Tibet retained nominal power over religious and regional political affairs, while the Mongols managed a structural and administrative rule over the region, reinforced by the rare military intervention. This existed as a "diarchic structure" under the Yuan emperor, with power primarily in favor of the Mongols. Mongolian prince Khuden gained temporal power in Tibet in the 1240s and sponsored Sakya Pandita, whose seat became the capital of Tibet. Drogön Chögyal Phagpa, Sakya Pandita's nephew became Imperial Preceptor of Kublai Khan, founder of the Yuan dynasty.

Yuan control over the region ended with the Ming overthrow of the Yuan and Tai Situ Changchub Gyaltsen's revolt against the Mongols. Following the uprising, Tai Situ Changchub Gyaltsen founded the Phagmodrupa dynasty, and sought to reduce Yuan influences over Tibetan culture and politics.

Phagmodrupa, Rinpungpa and Tsangpa dynasties 

Between 1346 and 1354, Tai Situ Changchub Gyaltsen toppled the Sakya and founded the Phagmodrupa dynasty.

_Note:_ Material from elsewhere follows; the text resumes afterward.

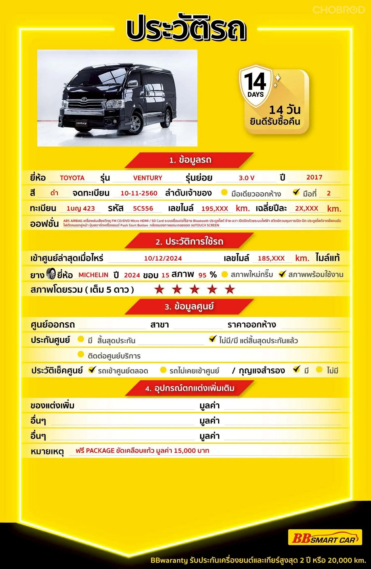 มีการรับประกันจากดีลเลอร์ (6 เดือน) มีบริการช่วยเหลือฉุกเฉินบนท้องถนน 24 ชม. จากดีลเลอร์
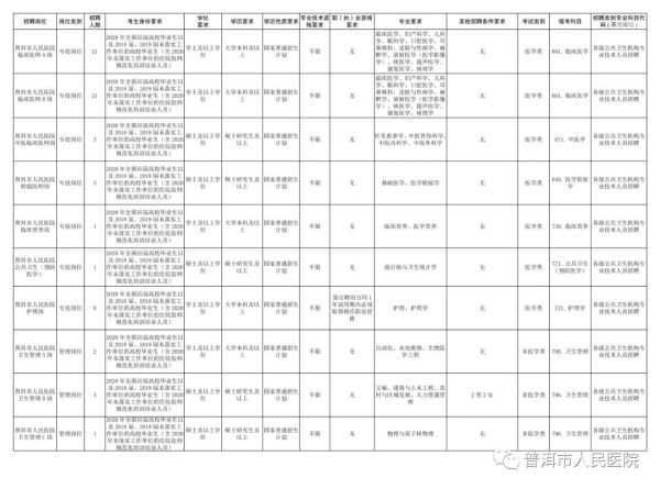 附件:2020年普洱市人民醫(yī)院面向全國開展專項(xiàng)招聘優(yōu)秀高校畢業(yè)生招聘崗位計(jì)劃表

The following 80 years saw the founding of the Gelug school (also known as Yellow Hats) by the disciples of Je Tsongkhapa, and the founding of the important Ganden, Drepung and Sera monasteries near Lhasa. However, internal strife within the dynasty and the strong localism of the various fiefs and political-religious factions led to a long series of internal conflicts. The minister family Rinpungpa, based in Tsang (West Central Tibet), dominated politics after 1435. In 1565 they were overthrown by the Tsangpa dynasty of Shigatse which expanded its power in different directions of Tibet in the following decades and favoured the Karma Kagyu sect.

Rise of Ganden Phodrang

In 1578, Altan Khan of the Tümed Mongols gave Sonam Gyatso, a high lama of the Gelugpa school, the name Dalai Lama, Dalai being the Mongolian translation of the Tibetan name Gyatso "Ocean".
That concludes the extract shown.